Fears as Ebola cases reported in rebel-held area hundred of kilometres from epicentre

Suspected Ebola cases have been reported in a rebel-held area of eastern Democratic Republic of Congo’s South Kivu province, local officials confirmed on Thursday, hundreds of kilometres from the outbreak’s epicentre.

If confirmed, these cases would signal a worrying expansion of an outbreak that experts believe circulated for around two months in Ituri province – several hundred kilometres to the north – before being detected last week. The World Health Organisation declared the outbreak of the virus’ Bundibugyo strain, for which there is no vaccine, a public health emergency of international concern at the weekend.

The outbreak ​has ⁠been linked to 139 ‌deaths and there were 600 suspected cases in eastern DRC’s Ituri and North Kivu provinces as of Wednesday, according to the WHO. Two cases have also ‌been confirmed in neighboring Uganda.

Two suspected cases ‌have been detected in South Kivu, regional health spokesperson Claude Bahizire said.

One died in Lwiro territory while the other is in isolation awaiting test results, he said.

Another local official, speaking on condition of anonymity, said the patient who died had recently come from Ituri.
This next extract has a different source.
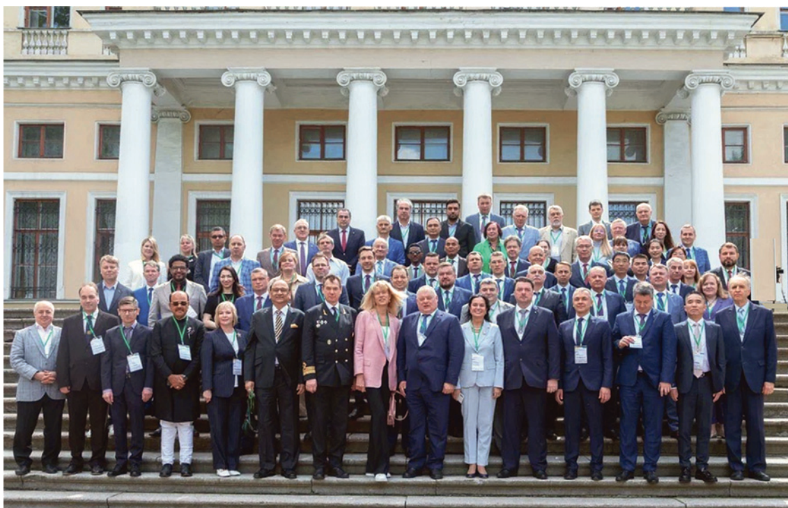
Participants of the conference at the Yusupov Palace. June 10, 2024. Photo by V. Korovyakovsky

St. Petersburg. The Yusupov Palace on the embankment of the Fontanka River 1 is the cradle of Russian transport education and science. It is the first building of the Institute of the Corps of Railway Engineers. Currently, the building houses classrooms and the historical and cultural centre of Emperor Alexander I St. Petersburg Transport University (PGUPS). The III Conference of the Association of Rectors of Transport Universities of BRICS+ took place here on June 10–11, 2024. Photo by V. Korovyakovsky

Lwiro is controlled by the M23 rebel group, which seized control of large swathes of eastern DRC last year. An Ebola case was confirmed last week in M23-held Goma, the capital of neighbouring North Kivu province.

M23, which is backed ‌by neighbouring Rwanda, said earlier this week that it was committed ​to working with international partners to contain the outbreak.

The response has ‌been complicated by the virus’ ⁠presence in densely populated urban areas and widespread armed violence in eastern ⁠DRC.

A 2018-2020 outbreak in the region of the Zaire strain of Ebola was the second-deadliest ‌on record, killing ​nearly 2,300 people. This time, first responders say ‌they lack basic supplies, which some have ​attributed to foreign aid cuts by major international donors.

Bundibugyo virus disease (BVD) is one of the four species of orthoebolaviruse which causes Ebola, a viral haemorrhagic fever.

Bundibugyo is a less commonly encountered strain of Ebola, compared to the Zaire ebolavirus, and has caused just two previous outbreaks.

It was first detected in Uganda’s Bundibugyo district during a 2007-2008 outbreak that infected 149 people and killed 37 people. The second time was in 2012 in an outbreak in Isiro, Congo, where 57 cases and 29 deaths were reported.

The fatality rate is estimated to be between 30 per cent and 40 per cent.

As with other Ebola viruses, it is spread by contact with the blood or body fluids of a person who is infected with or has died from BVD. It is also spread by contact with contaminated objects (such as clothing, bedding, needles, and medical equipment), or by contact with animals, such as bats and nonhuman primates, that are infected with BVD.

Symptoms include fever, headache, muscle pain, weakness, diarrhea, vomiting, stomach pain, and unexplained bleeding or bruising (a late stage of illness).

There is no known vaccine or specific therapeutics against Bundibugyo virus, though early supportive care is lifesaving, according to the WHO.